According to the Pew Research Center, about one-third of all children in the US are being raised in households with unmarried parents (most of them single mothers). And, though it’s surprisingly difficult to find trustworthy statistics, estimates suggest that a staggering percentage of men (70–80%) serving time in prison come from single-parent homes. Of course, many other factors—poverty, race, etc.—play into these statistics; but fatherlessness should not be dismissed as a minor issue. Indeed, even in the best of situations, men are struggling—to find employment or even to finish college. Though not typical, I will never forget the gangbanger (his name was Darrien) who came to class one day after having missed a session: he’d spent two days in the hospital with five gunshot wounds. He didn’t finish the course. I don’t know what happened to him, but I’m not optimistic.


Given the epidemic of fatherlessness and the attendant unregenerated father-imago that haunts western civilization at the moment (the father portrayed as the idiot in every TV sitcom surely is symptomatic of such a development) it is no wonder that Jordan Peterson has attracted the interest of so many young men. From my perspective, Peterson’s message to young men is pretty standard dad advice, telling them, “You’ll struggle, but that’s how it goes. Work hard, be honest. Don’t complain.” Of course, with so many dads in absentia, it’s no wonder Peterson became a phenomenon and his advice cause for scandal.


This father-imago, though, is even more complicated. As Adam DeVille describes in his forthcoming book, The Crucifixion of the Church, the Catholic imaginary needs to come to terms with the father-imago in a very real way. He writes,

When Christ says “call no man father,” for we have but one father and he is in heaven dwelling invisibly, I would argue that Christ (long before Freud) was aware of the dangers of human psychology. Those dangers are such that we need to be extremely careful about projecting on to God the Father images and expectations from our early experience of “fathers,” whether biological or ecclesial. It is too easy for the mind, often in unconscious ways we rarely come to perceive (except, as Freud would later suggest, largely through our repeated, and typically unhealthy, actions[1]), to subtly equate parts of our earthly paternal experiences with expectations of how our heavenly Father is and how He treats us.
What we need now more than ever is for the Church to be purified and purged of paternalistic titles, images, and practices; we need a campaign of welcome and necessary iconoclasm, dismantling false images and powerful pretentions of popes and other papas or fathers in the Catholic imaginary, but also directly in the governance of the Church. Here, to be sure, I am not talking about their vital sacramental role—in, e.g., celebrating the Eucharist, or forgiving sins, or in ordinations—but rather the psychological role they play in the Catholic imaginary. Their sacramental role is integral to the Church’s very nature and cannot be touched.[2]

So, it seems that we have a seriously compromised father-imago in our culture (and I think the Catholic Church is the palimpsest of our culture, whether we like it or not).

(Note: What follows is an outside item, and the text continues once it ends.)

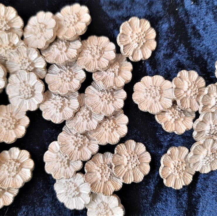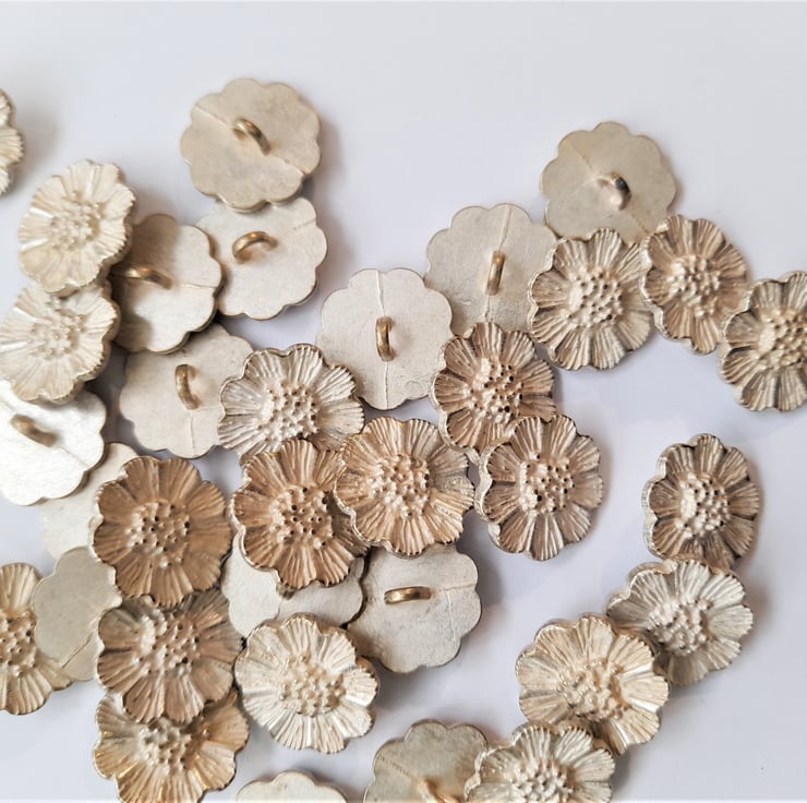 A pack of 10 buttons, Approximately 18mm in diameter, in a light gold and white colour and featuring detailed tactile flower design

All around us, we see the unhealthy consequences of fatherlessness and the projection of that lack onto false fathers. I understand that there is no easy resolution of this complex. So much needs untangling. This crisis looks us in the face everywhere. But I don’t think we see it.



[1] See his essay “Remembering, Repeating, and Working Through” in vol. 12 of the Strachey Standard Edition (1950): 145-57. The original was published in 1914.


[2] Adam A.J. DeVille, The Crucifixion of the Church: Clericalism, Scandal, and the Hope for Renewal (Angelico, 2019).